Exercise: For the records below, output word for word the lines from the one with "US Vice President" up to and including the one with "Cover of book". No pictures.

Source material:
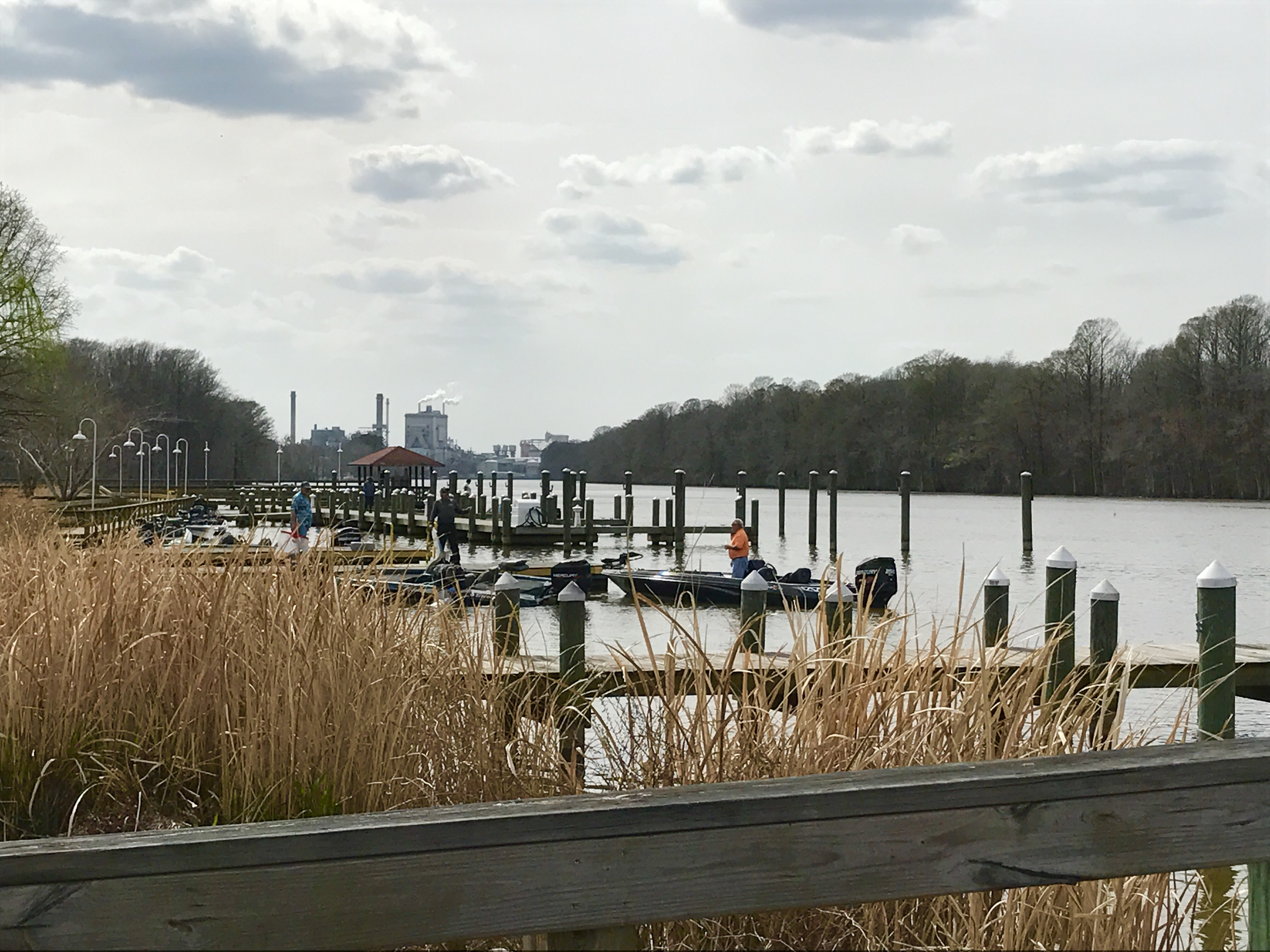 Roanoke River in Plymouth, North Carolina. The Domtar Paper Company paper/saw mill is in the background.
...
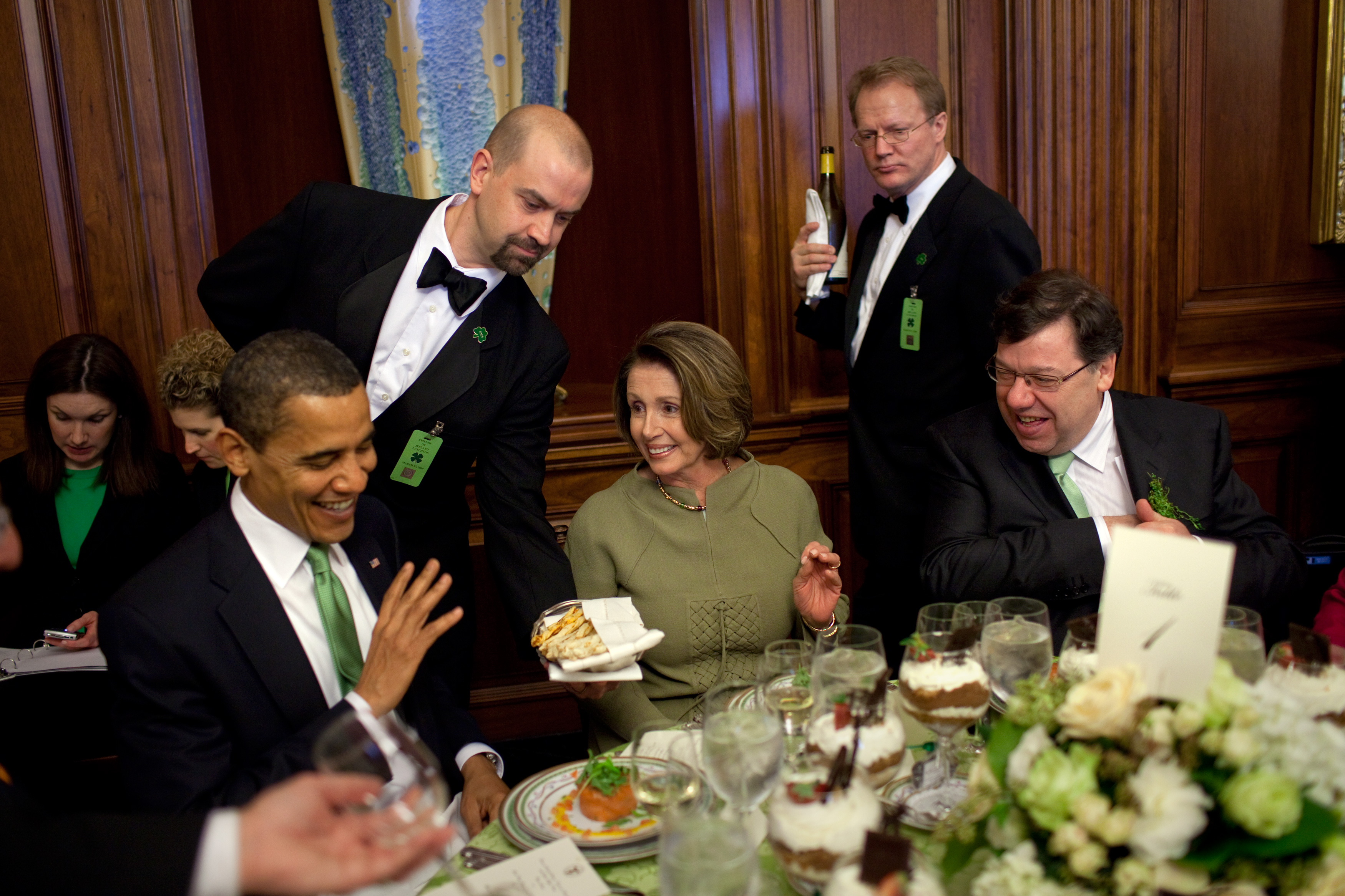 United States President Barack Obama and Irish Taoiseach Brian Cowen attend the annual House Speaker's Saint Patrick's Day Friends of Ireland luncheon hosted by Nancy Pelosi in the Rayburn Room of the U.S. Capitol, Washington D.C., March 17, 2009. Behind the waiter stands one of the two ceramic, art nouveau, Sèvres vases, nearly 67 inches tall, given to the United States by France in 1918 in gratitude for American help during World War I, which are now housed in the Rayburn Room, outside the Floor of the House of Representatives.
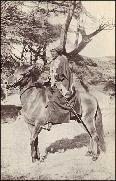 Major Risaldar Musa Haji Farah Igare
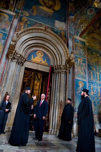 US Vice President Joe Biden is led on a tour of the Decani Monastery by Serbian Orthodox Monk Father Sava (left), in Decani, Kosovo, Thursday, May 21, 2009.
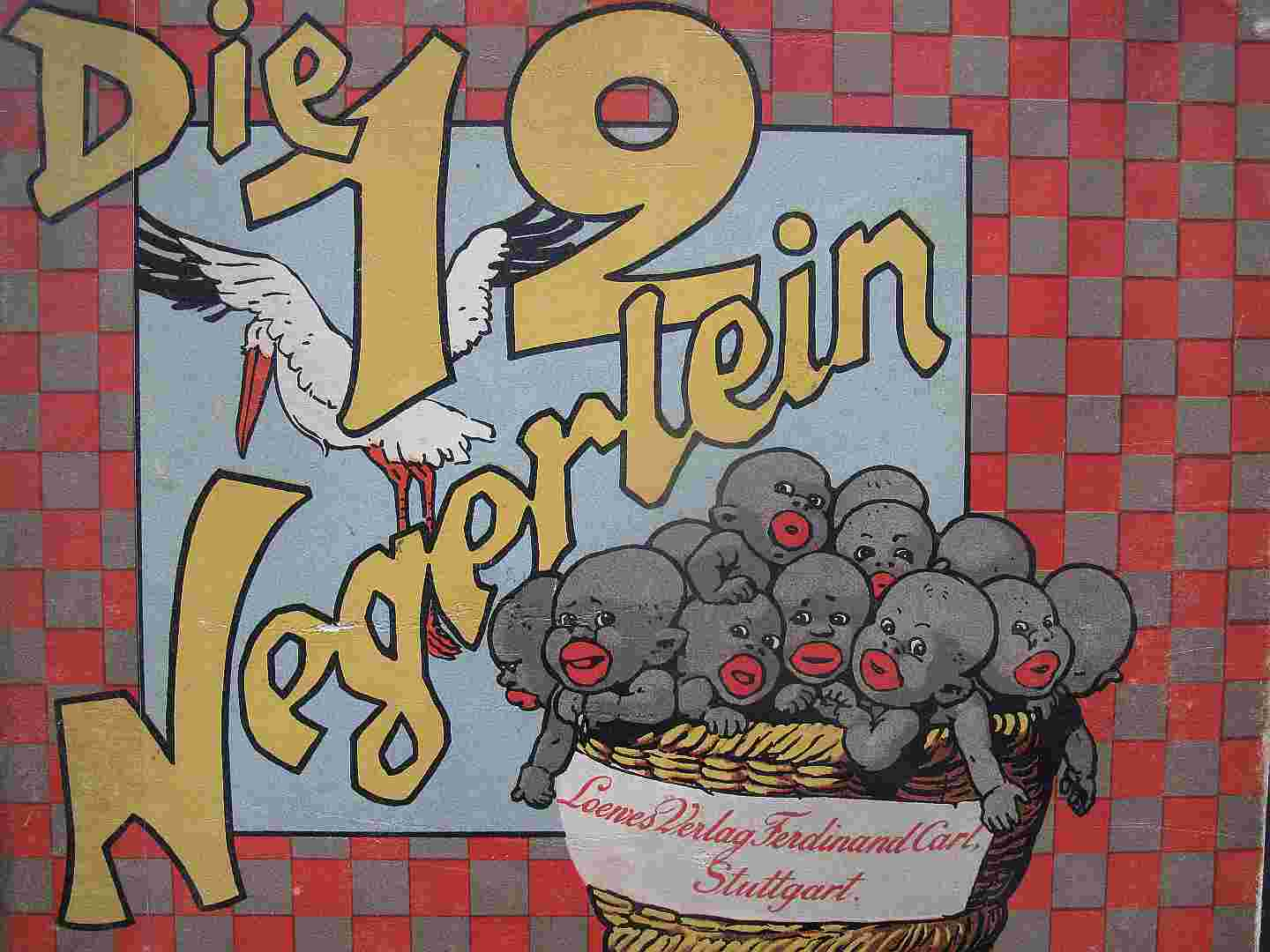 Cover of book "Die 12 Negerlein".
* * *
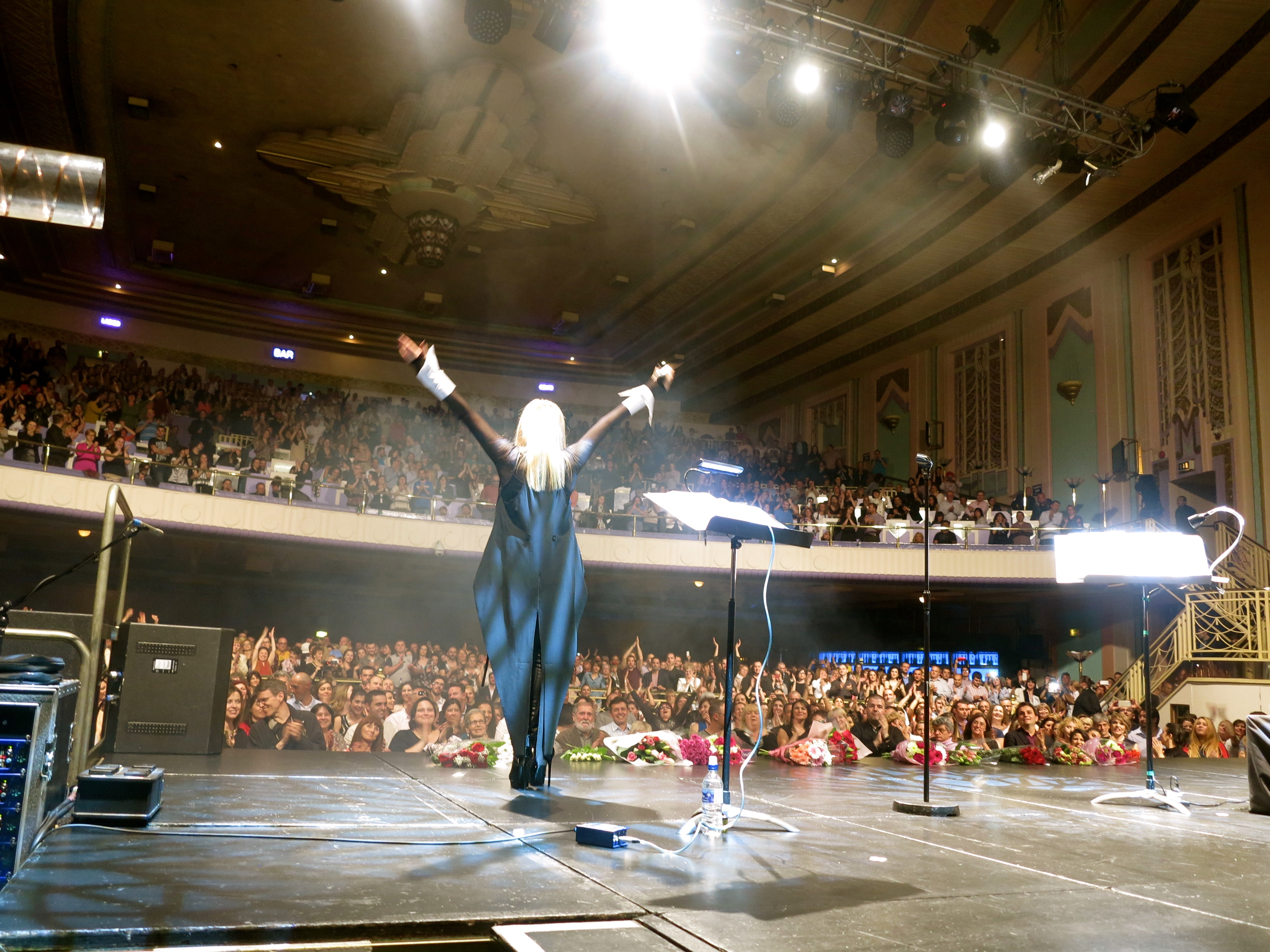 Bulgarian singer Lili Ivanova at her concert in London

Answer box:
 US Vice President Joe Biden is led on a tour of the Decani Monastery by Serbian Orthodox Monk Father Sava (left), in Decani, Kosovo, Thursday, May 21, 2009.
 Cover of book "Die 12 Negerlein".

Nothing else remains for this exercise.